▶ [Task statement]
Below is a listing. Quote from it, exactly, the lines from the one containing "Men's Poplin Shirt LS 6310" down to the one containing "Klassisches Popeline-Langarm-Mischgewebe-Hemd mit", both ends included, and nothing else.
** Opening Records for the exercise block **
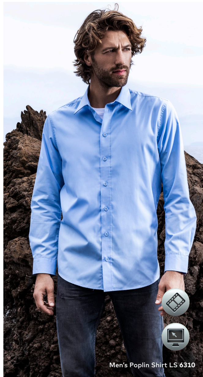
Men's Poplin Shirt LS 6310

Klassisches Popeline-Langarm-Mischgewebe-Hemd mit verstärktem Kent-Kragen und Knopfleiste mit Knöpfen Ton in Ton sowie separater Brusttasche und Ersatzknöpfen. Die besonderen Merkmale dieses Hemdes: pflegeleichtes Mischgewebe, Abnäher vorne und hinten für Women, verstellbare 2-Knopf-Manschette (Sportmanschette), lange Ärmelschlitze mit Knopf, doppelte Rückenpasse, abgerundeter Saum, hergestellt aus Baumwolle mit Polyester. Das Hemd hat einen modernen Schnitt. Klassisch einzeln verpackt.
** Closing Records for the exercise block **
** Opening Records for the exercise block **
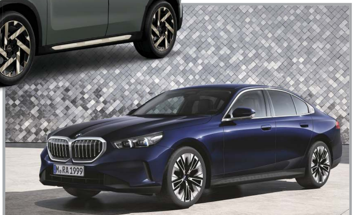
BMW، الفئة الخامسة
** Closing Records for the exercise block **
** Opening Records for the exercise block **
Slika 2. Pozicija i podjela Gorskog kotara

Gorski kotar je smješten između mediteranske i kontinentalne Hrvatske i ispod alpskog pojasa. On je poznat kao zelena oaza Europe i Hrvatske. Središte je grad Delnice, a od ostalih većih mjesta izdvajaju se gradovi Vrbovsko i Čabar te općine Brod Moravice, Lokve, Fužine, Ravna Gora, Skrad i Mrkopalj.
** Closing Records for the exercise block **
▶ [Answer section]
Men's Poplin Shirt LS 6310

Klassisches Popeline-Langarm-Mischgewebe-Hemd mit verstärktem Kent-Kragen und Knopfleiste mit Knöpfen Ton in Ton sowie separater Brusttasche und Ersatzknöpfen. Die besonderen Merkmale dieses Hemdes: pflegeleichtes Mischgewebe, Abnäher vorne und hinten für Women, verstellbare 2-Knopf-Manschette (Sportmanschette), lange Ärmelschlitze mit Knopf, doppelte Rückenpasse, abgerundeter Saum, hergestellt aus Baumwolle mit Polyester. Das Hemd hat einen modernen Schnitt. Klassisch einzeln verpackt.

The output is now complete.